Could you copy every entry exactly, dropping the pictures?
-- -- --
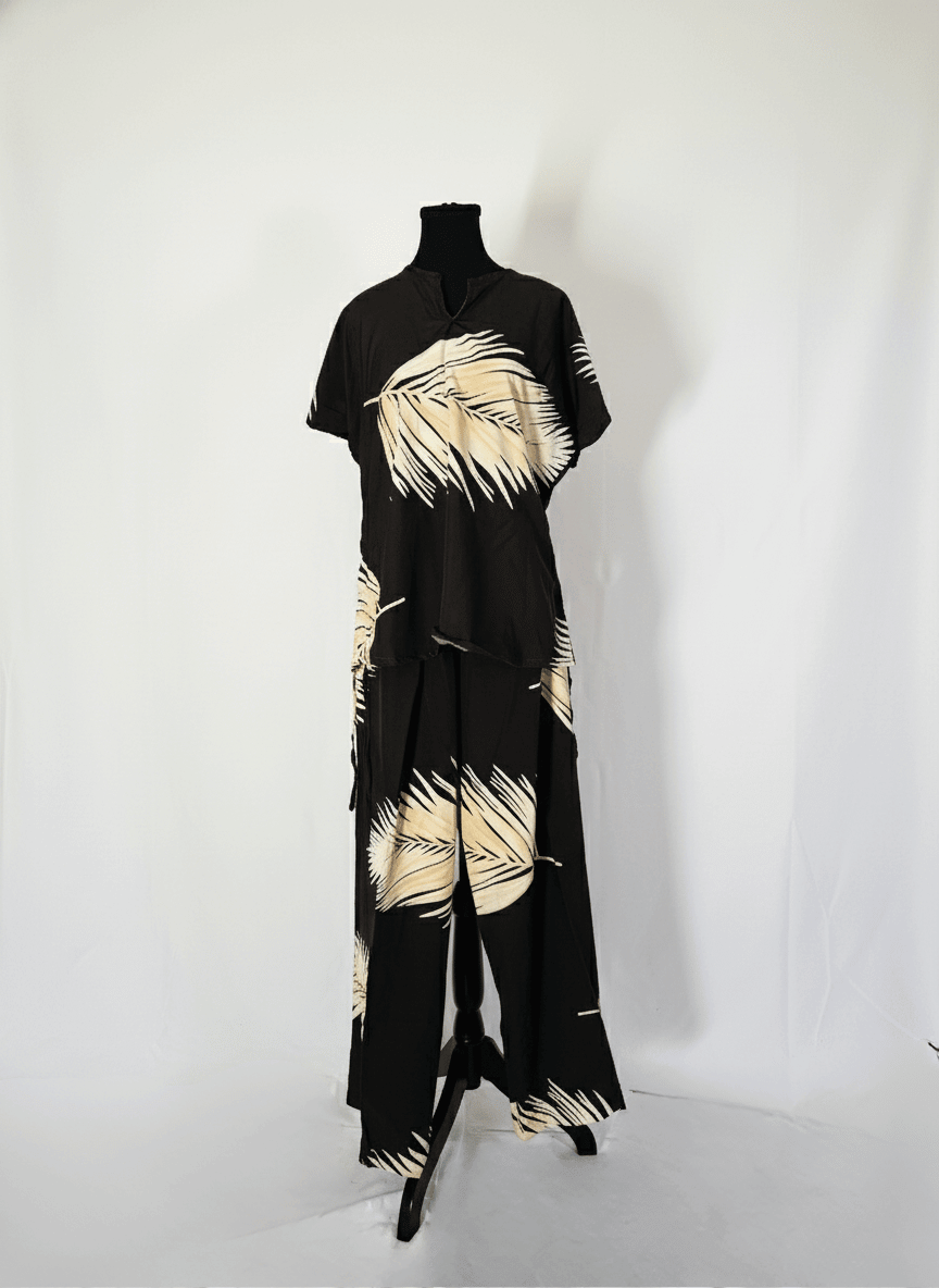 The Cocoa Palm 2-Piece Set blends tropical ease with timeless sophistication. Featuring a relaxed short-sleeve top and matching wide-leg trousers, it’s adorned with soft beige palm prints on a rich cocoa-brown base. Lightweight and breezy, this set is perfect for effortless style — from daytime lounging to casual chic outings.
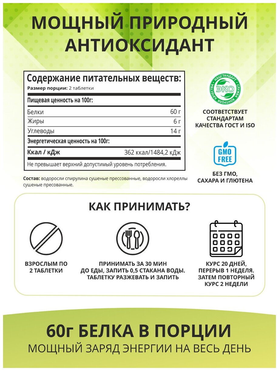 1WIN Хлорелла и Спирулина в таблетках микс, Chlorella + Spirulina, 100 грамм, морские водоросли диетические суперфуд информация:
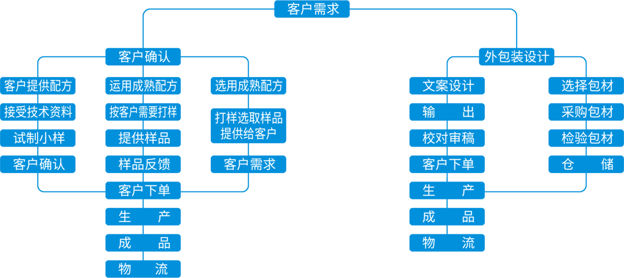 客户自带品牌、包装材料和产品配方,我方提供原料及产品加工。
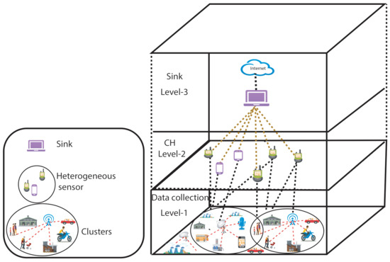 The LS-WSN model we propose is built according to a three-level architecture (see Figure 5): the first level consists of a set of sensors (member nodes) whose role is to gather and send information to their corresponding CHs. The sensors do not have the same communication range.
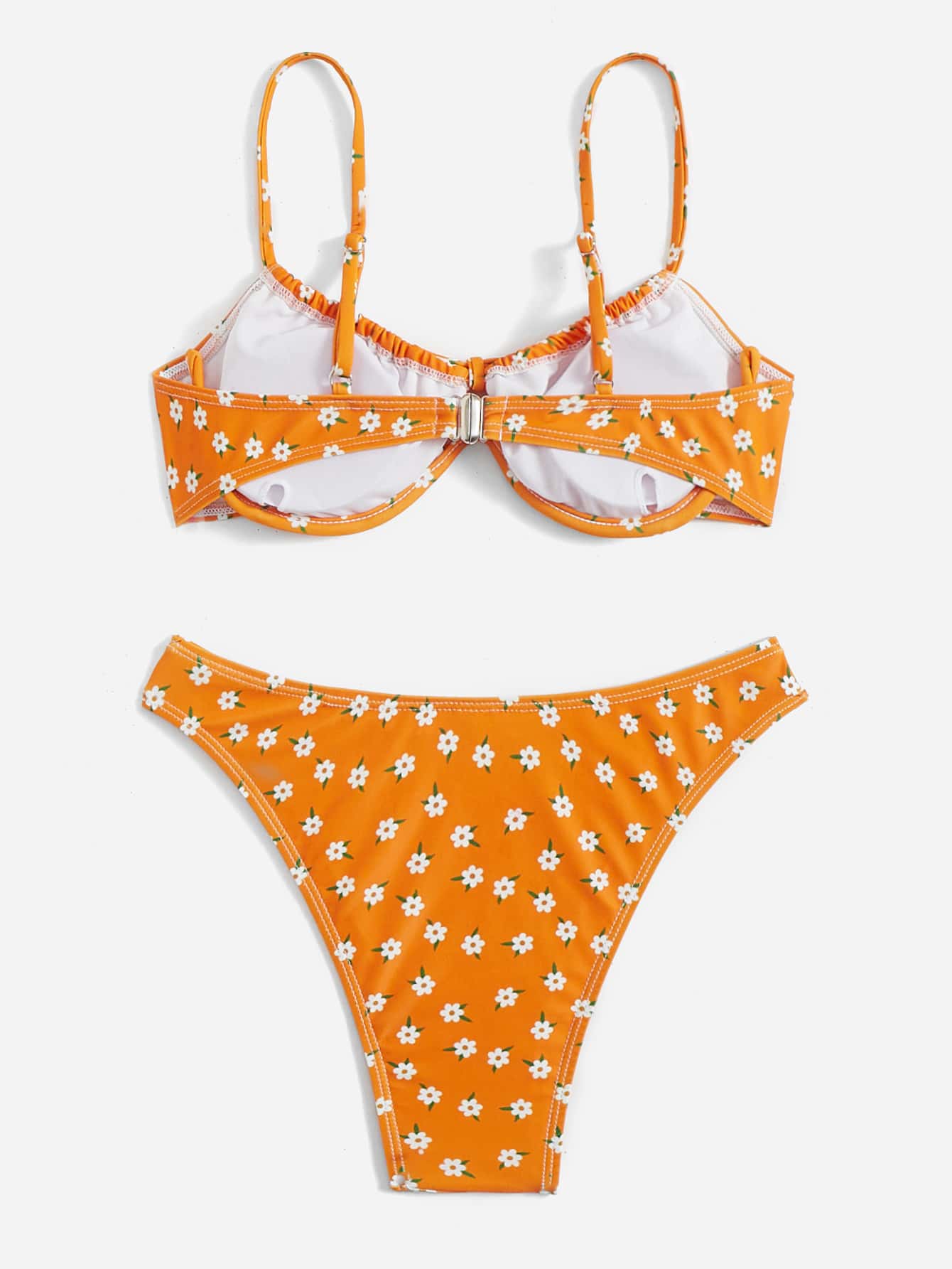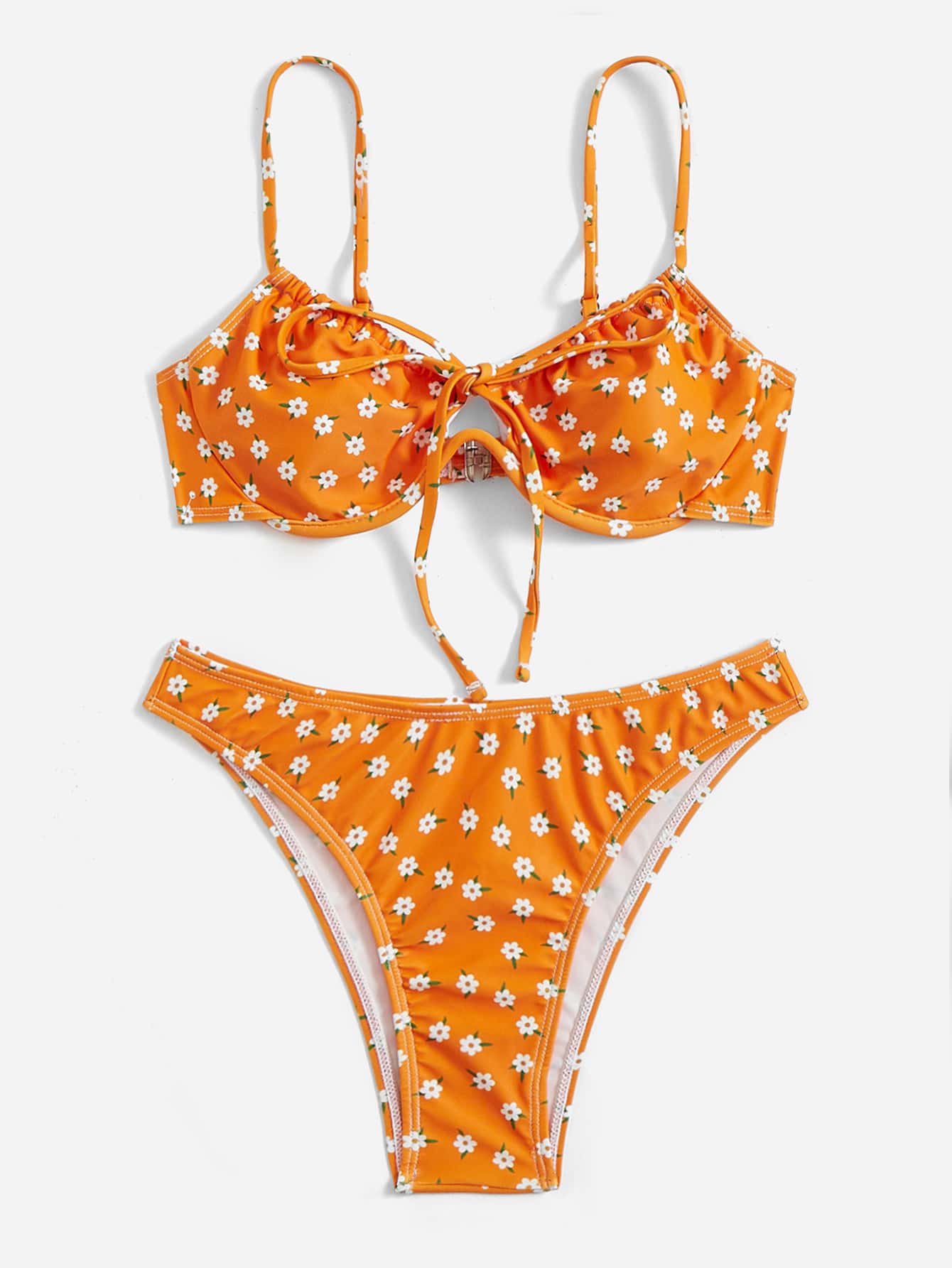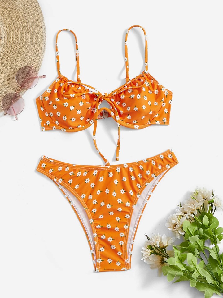 بيكيني مربوط بأسلاك بتصميم زهري مطبوع بشكل عقدة V
-- -- --
§ **RESULT**:
 The Cocoa Palm 2-Piece Set blends tropical ease with timeless sophistication. Featuring a relaxed short-sleeve top and matching wide-leg trousers, it’s adorned with soft beige palm prints on a rich cocoa-brown base. Lightweight and breezy, this set is perfect for effortless style — from daytime lounging to casual chic outings.
 1WIN Хлорелла и Спирулина в таблетках микс, Chlorella + Spirulina, 100 грамм, морские водоросли диетические суперфуд информация:
 客户自带品牌、包装材料和产品配方,我方提供原料及产品加工。
 The LS-WSN model we propose is built according to a three-level architecture (see Figure 5): the first level consists of a set of sensors (member nodes) whose role is to gather and send information to their corresponding CHs. The sensors do not have the same communication range.
 بيكيني مربوط بأسلاك بتصميم زهري مطبوع بشكل عقدة V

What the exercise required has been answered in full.